(Stored items)
=====

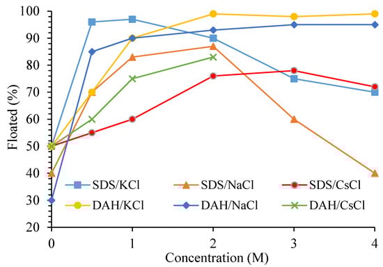 BMs contain monovalent salts in their lattice structure (for instance, sodium being the prominent one in borax). Monovalent ions compress the double layers of minerals and change the surface activity for collector adsorption by modifying the bulk water structure and micellization of collectors. Some investigations showed that monovalent cations and anions change the bulk structure of water and transport the same operation to the surface, depending on their water-breaking and water-making structures. It was also stressed that monovalent ions are adsorbed at the solid surfaces and interact with water [5]. The mechanism of BM flotation was investigated using the chlorides of monovalent ions Na+, K+, and Cs+ in the presence of SDS and DAH surfactants. NaCl and KCl can be structure makers or breakers, while CsCl is a potent structure breaker [28,48]. High dosages of these monovalent salts (≥0.1 M) make electrostatic interactions ineffective (Figure 5) [2,6,49].
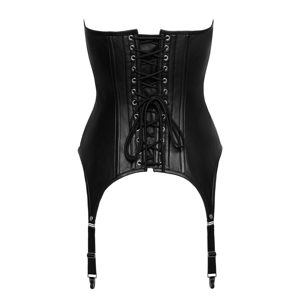 Strapless, unlined suspender corsage by ZADO made from soft lambskin leather with silver-colored metal details. Incorporated flexible shaping straps and underlaid, variable lacing at the back for a beautifully tailored silhouette. Full-length zipper at the front for easy dressing and undressing. The suspender straps are adjustable.
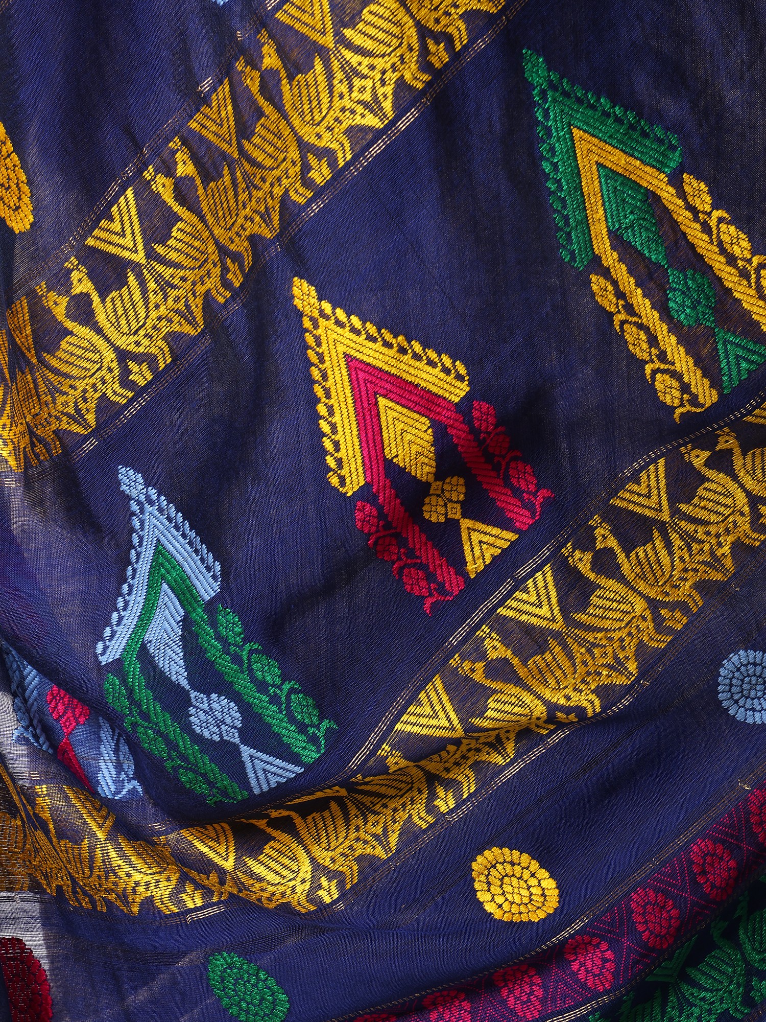 Experience the dedication of skilled artisans in every thread of this handwoven masterpiece. Crafted from a luxurious blend of jute and cotton silk, it showcases impeccable construction and a subtle, natural sheen. The tactile quality speaks to generations of weaving expertise, ensuring a garment that feels as exquisite as it looks.
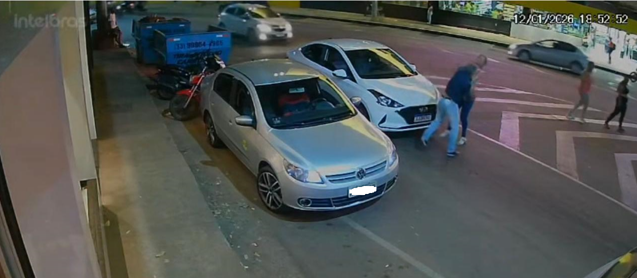 CARATINGA – Câmeras de segurança flagraram o momento em que um motorista de aplicativo agride uma colega de profissão com um soco no rosto, na noite do dia 12 de janeiro, em frente ao supermercado Coelho Diniz, nas proximidades da Praça da Estação. A vítima, Cristiane Aparecida Soares Salgado, caiu ao chão após ser atingida. O caso foi registrado pela Polícia Militar e segue em apuração.
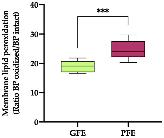 The box-and-whisker plot shows sperm membrane lipid peroxidation (ratio of BODIPY581/591-C11 (BP) oxidized/BP intact) in horse ejaculates classified as having good (GFEs, n = 12; lime) or poor freezability (PFEs, n = 8; burgundy). The boxes enclose the 25th and 75th percentiles, the whiskers extend to the 5th and 95th percentiles and the line indicates the median. (***) p ≤ 0.001.

=====

- **Task brief**
Set down again, word for word, every line from the one with "Experience the dedication" to the one with "CARATINGA – Câmeras" in the entries above, and omit the pictures.

- **Solved problem**
 Experience the dedication of skilled artisans in every thread of this handwoven masterpiece. Crafted from a luxurious blend of jute and cotton silk, it showcases impeccable construction and a subtle, natural sheen. The tactile quality speaks to generations of weaving expertise, ensuring a garment that feels as exquisite as it looks.
 CARATINGA – Câmeras de segurança flagraram o momento em que um motorista de aplicativo agride uma colega de profissão com um soco no rosto, na noite do dia 12 de janeiro, em frente ao supermercado Coelho Diniz, nas proximidades da Praça da Estação. A vítima, Cristiane Aparecida Soares Salgado, caiu ao chão após ser atingida. O caso foi registrado pela Polícia Militar e segue em apuração.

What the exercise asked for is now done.